A second alliance initiative is called the Beacon project, which is described as "a project to test the willingness of international sites to share genetic data in the simplest of all technical contexts." Haussler explained it this way: Essentially, beacons are servers installed locally by institutions that external users can send simple queries to for information about the genomic data available at the site. These queries are of the form 'do you have a genome that has a T at a specific position on a specific chromosome' and the server responds 'yes or no.'
It's a simple service that opens up an opportunity for institutions to discuss their current policies and regulations that govern the sharing of genomic data and explore ways to share data more broadly in a secure fashion, Haussler said. "We want to cultivate an atmosphere in which genomic information is shared as freely as possible while respecting the privacy of the individuals involved who are sequenced," he said. "The obstacles to that are not so much technical as they are social," he said, adding that it is important "to have a very simple technical platform that highlights the social problems … to get that dialogue going. That's what the Beacon is. It's not meant to completely revolutionize scientific research in genomics but to get the dialogue going so that people can actually ask the question 'why can't we share data?'" So far, groups at the Wellcome Trust Sanger Institute, the NCBI, the EBI, and other have set up beacons.

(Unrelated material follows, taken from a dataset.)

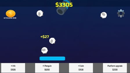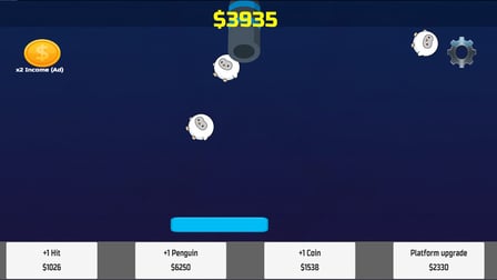 Pour contrôler votre jeu, cliquez ou touchez l'écran pour lancer vos pingouins. Chaque bouton de mise à jour que vous débloquez requiert un clic, tandis que les améliorer nécessite également des pièces que vous gagner par vos performances.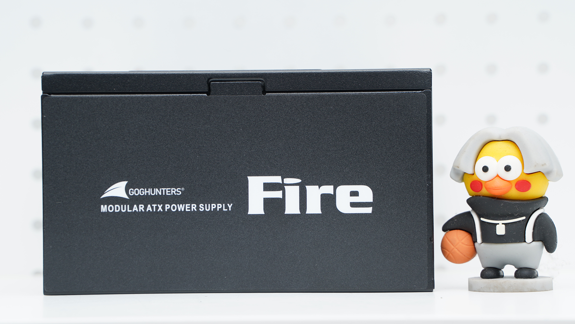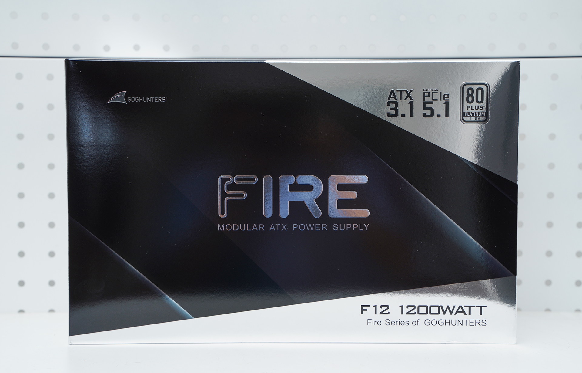 这款电源的包装盒整体以黑银撞色为主,视觉效果简洁而有质感。正面中央是大面积的“FIRE”字样,采用金属反光工艺处理,显得颇有科技感。左上角是品牌Logo「GOGHUNTERS」,右上角则标注了支持的标准:ATX3.1、PCIe5.1,并配有**80PLUS白金认证(115V)**标识,突出了产品的高效能与新规范兼容性。

The data working group is also involved in the data sharing efforts of two cancer-centric initiatives. The first of these is the International Cancer Genome Consortium's Pan Cancer Genome Analysis project, an effort to analyze data from 2,000 whole tumor genomes. The second project aims to collect and share information about mutations in the BRCA 1 and 2 genes with an eye towards identifying the pathogenic changes within these genes that are associated with cancer, primarily breast and ovarian.
The Genomics API is one of the first products to be developed and distributed by GA4GH. While the data working group has a core developer team, it is open to input from researchers at any institution. They can explore sample apps, build implementations from scratch or from existing samples, and provide feedback on the API and its documentation, the team said.